Miami Radio: Host Claims He Was Fired For Having A ‘Very Latino’ Show

Carlos Frias

A Miami journalist filed a federal complaint against his radio station this week, claiming that he and his team were let go after a series of discriminatory incidents, including a boss who allegedly said their show was “sounding very Latino.”

Last week, South Florida’s Non-Com WLRN 91.3 FM terminated Carlos Frías and two producers on his team and canceled “Sundial,” a 6-year-old show about local arts and culture that has been replaced with an extra hour of nationally syndicated programming.

WLRN is owned by Miami-Dade County Public Schools, according to The Washington Post.

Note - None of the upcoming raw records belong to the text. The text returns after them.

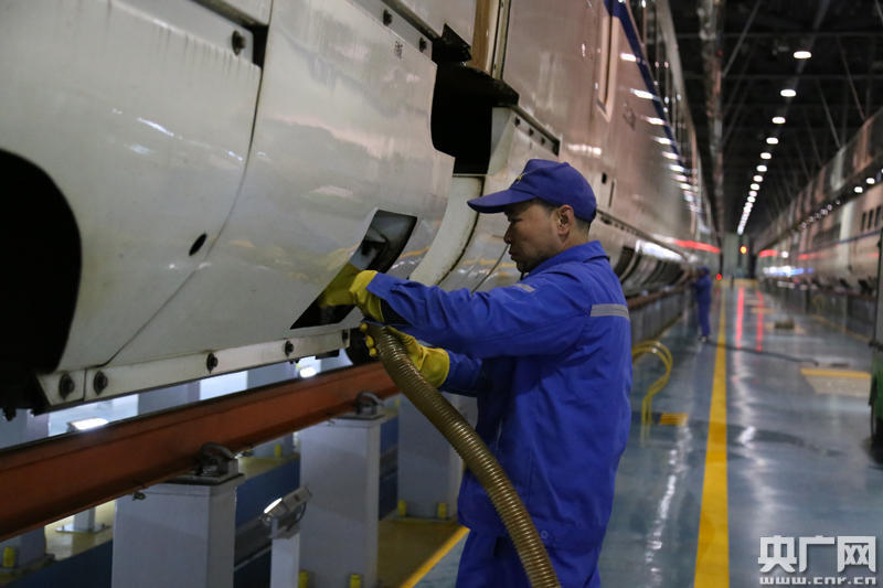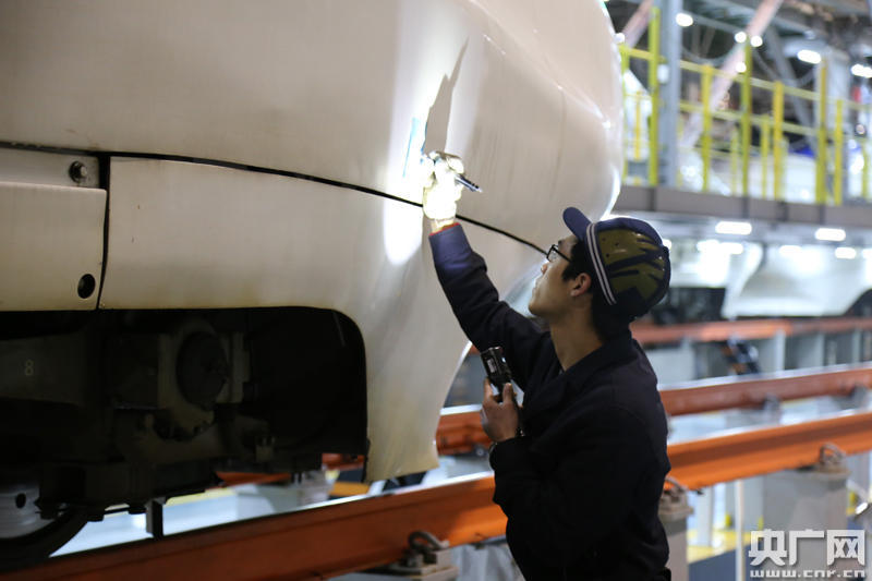 地勤機械師正在認(rèn)真檢查剛?cè)霂斓膭榆嚱M 央廣網(wǎng)南寧1月30日消息(記者許大為 通訊員覃付剛 石濟銘)為了確保春運期間動車運行安全,中國鐵路南寧局集團有限公司所屬的桂林動車所加強調(diào)度指揮工作,做好人力調(diào)配,強化夜間入庫動車的檢查保養(yǎng)工作。工作人員加強了對動車上的各項設(shè)備、設(shè)施進行全面整修,消除安全隱患,確保動車組以整潔、安全的狀態(tài)投入到春運工作中。 -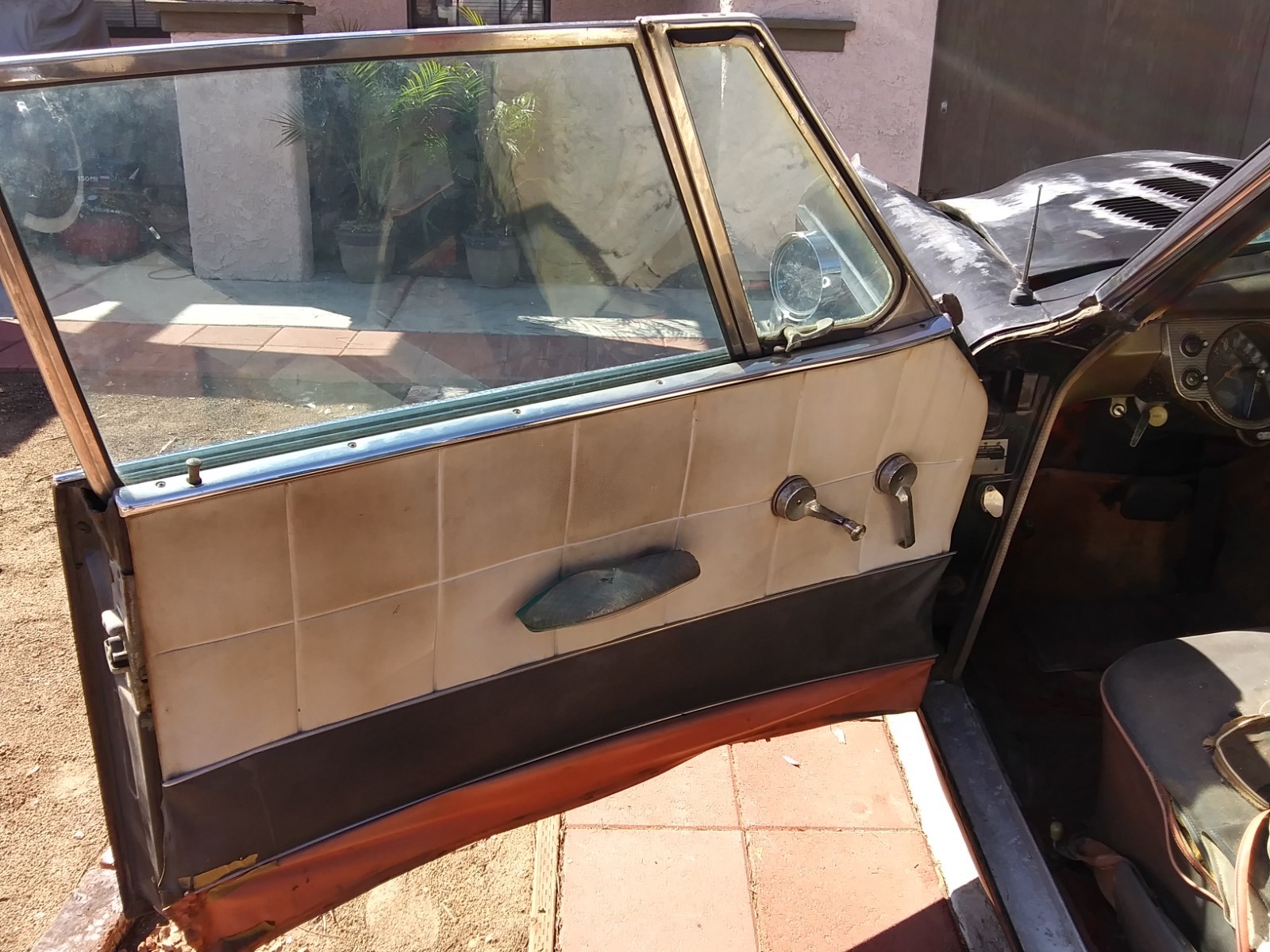 This is the model that doesn't have the window post separation. Both windows meet together when they are rolled up. The engine is seized and it does not turn over. It's been sitting for a long time. Was purchased in California years ago and is now in Las Vegas, Nevada. It comes with the original California yellow plates. I can help arrange transport to your city or overseas transport.
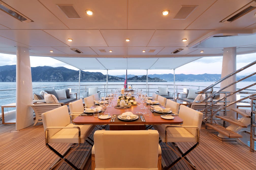 The upper deck has a large alfresco dining table designed for more intimate meals between eight guests.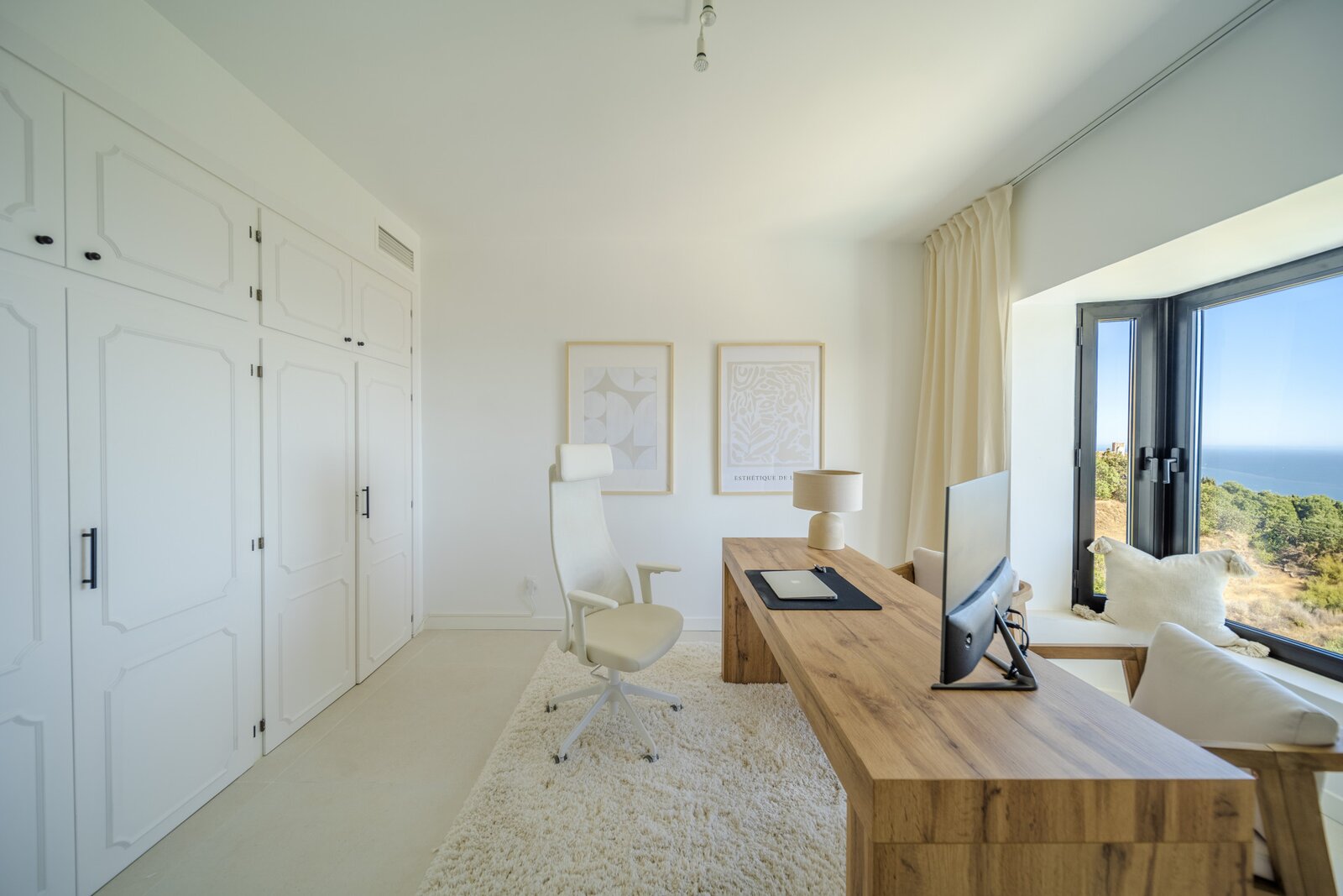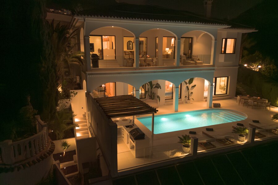 The exterior of the villa envelops you in an atmosphere of serenity. Its cosy and elegant architecture spread over two floors, stands out against the greenery and blue skies of the Costa del Sol. The crown jewel of the exterior is undoubtedly its heated pool, inviting you to enjoy a swim any time of the year. Relaxed living is embodied in its outdoor area, where a kitchen equipped with a barbecue awaits those unforgettable moments with family or friends, whether in the heart of summer or during winter afternoons. The villa is located in a quiet residential area on a cul-de-sac, ensuring maximum peace away from the hustle and bustle of traffic.

The shake-up has caused a wave of upset from the Florida Keys to Miami to Palm Beach — a region where Frías, who is Cuban American, has been a longtime voice in the cultural scene. Some South Florida groups have voiced their opposition to the sunsetting of “Sundial” — including one anchor who reportedly quit the radio station in solidarity with Frías.

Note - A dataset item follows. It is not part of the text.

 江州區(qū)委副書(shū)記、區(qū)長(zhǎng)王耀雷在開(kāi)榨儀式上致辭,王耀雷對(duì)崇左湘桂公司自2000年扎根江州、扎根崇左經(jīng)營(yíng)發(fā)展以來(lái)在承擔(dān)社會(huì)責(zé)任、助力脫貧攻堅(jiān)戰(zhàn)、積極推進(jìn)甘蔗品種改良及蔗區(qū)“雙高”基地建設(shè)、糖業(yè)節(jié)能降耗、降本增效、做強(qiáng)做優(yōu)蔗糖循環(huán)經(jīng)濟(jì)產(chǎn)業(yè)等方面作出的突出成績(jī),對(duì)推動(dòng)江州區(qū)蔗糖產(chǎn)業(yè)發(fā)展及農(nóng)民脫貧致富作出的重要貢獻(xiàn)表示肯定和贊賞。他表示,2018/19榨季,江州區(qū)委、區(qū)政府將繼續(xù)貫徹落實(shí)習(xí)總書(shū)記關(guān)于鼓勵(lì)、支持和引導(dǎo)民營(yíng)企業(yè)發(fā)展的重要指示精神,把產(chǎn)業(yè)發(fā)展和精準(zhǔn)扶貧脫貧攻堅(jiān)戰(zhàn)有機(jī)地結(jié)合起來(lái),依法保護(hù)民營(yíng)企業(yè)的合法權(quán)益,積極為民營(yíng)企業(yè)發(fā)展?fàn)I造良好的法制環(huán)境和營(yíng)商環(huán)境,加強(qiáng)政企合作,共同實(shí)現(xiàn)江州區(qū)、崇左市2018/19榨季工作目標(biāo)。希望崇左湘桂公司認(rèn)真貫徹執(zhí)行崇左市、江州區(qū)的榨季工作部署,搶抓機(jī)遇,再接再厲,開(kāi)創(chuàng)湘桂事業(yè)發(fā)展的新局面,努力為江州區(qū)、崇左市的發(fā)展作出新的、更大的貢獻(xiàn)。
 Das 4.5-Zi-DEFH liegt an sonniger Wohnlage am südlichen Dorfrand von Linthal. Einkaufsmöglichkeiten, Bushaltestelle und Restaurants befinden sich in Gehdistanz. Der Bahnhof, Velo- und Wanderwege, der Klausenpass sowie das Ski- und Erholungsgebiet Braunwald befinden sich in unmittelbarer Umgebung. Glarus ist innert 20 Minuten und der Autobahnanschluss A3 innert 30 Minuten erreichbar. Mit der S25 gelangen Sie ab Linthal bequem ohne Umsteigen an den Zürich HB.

Station executives defended the cuts as a necessary trade-off. “The change was made to focus more resources on WLRN’s award-winning newsroom, mainly boosting news stories for daily newscasts and features, along with bolstering the expansion of digital stories,” WLRN’s vice president of news, Sergio Bustos, the station’s daily news and live programming director, Caitie Muñoz, and its vice president of radio, Peter Maerz, said in a statement.

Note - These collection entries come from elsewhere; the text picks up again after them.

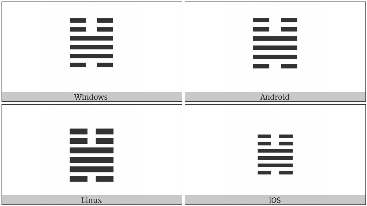 The image below shows how the “Hexagram For Duration” symbol might look like on different operating systems. If the font in which this web site is displayed does not contain the symbol and there is no fallback font able to render it, you can use the image below to get an idea of what it should look like.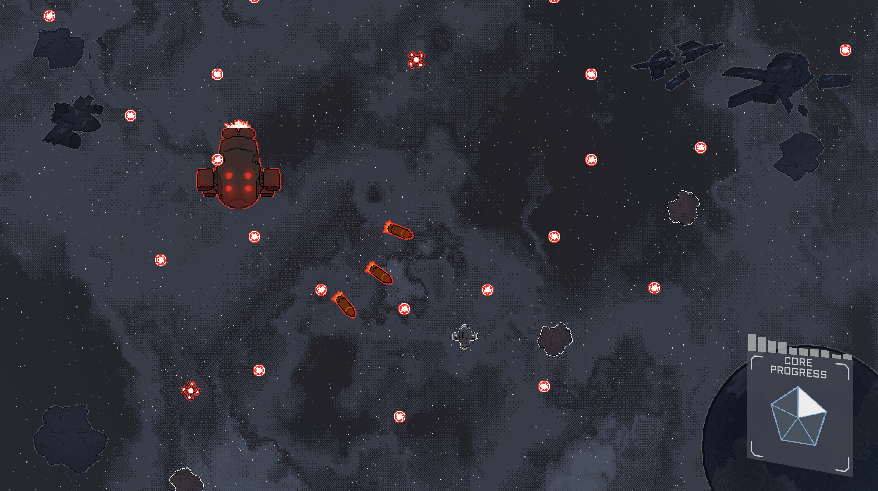 Can you stabilize the energy core while simultaneously evading the attacks of these interstellar threats?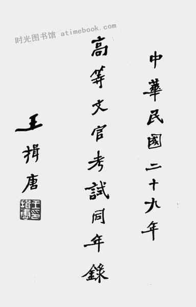 | 网盘路径:/时光图书馆珍藏系列/书籍文件/老图书/《中华民国二十九年_高等文官考试同年录》电子版合集.db | ||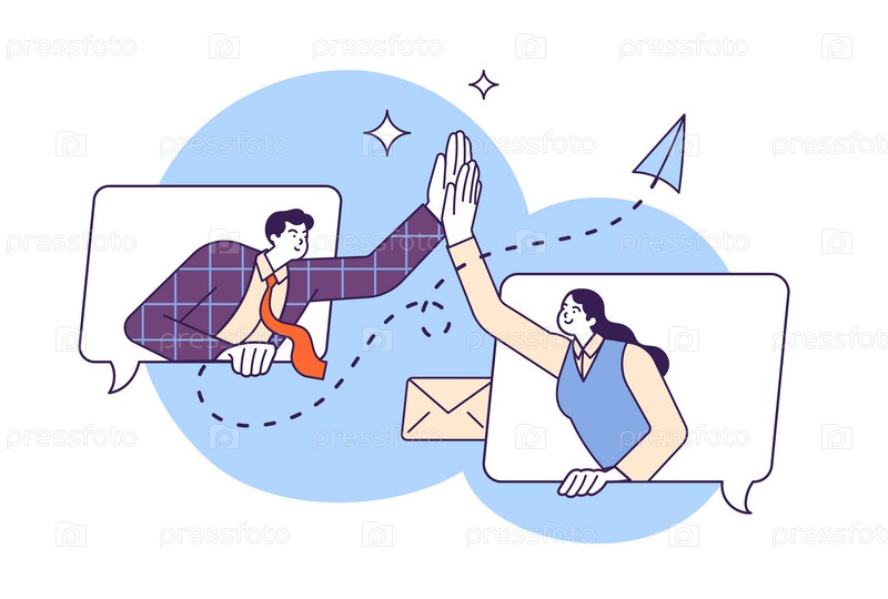 Коллеги работают удаленно онлайн и здороваются друг с другом

Bustos said no one at the station was able to comment based on advice from legal counsel.



But Frías, who joined as the show’s host in 2022, said the “Sundial” team was let go about a week after he complained to human resources about racial discrimination, according to a filing he made jointly to the Florida Commission on Human Relations and the Equal Employment Opportunity Commission on Tuesday.

William Amlong, one of Frías’s attorneys, called WLRN’s actions “abhorrent,” especially considering the large population of Cubans and other Hispanic people that live in Miami-Dade County, as seen in census data.

Frías alleges that Muñoz told a producer that the show was “sounding very Latino” last August, and made a spreadsheet of the show’s guests that only listed the ethnicity for Hispanic or Latino guests. The producer declined a request for comment, citing the ongoing legal proceedings.

The show has featured several Hispanic and Latino guests, including Puerto Rican artists and Cuban American authors. But Amlong argued that that’s to be expected in an area where Spanish and Spanish-language media is also widespread.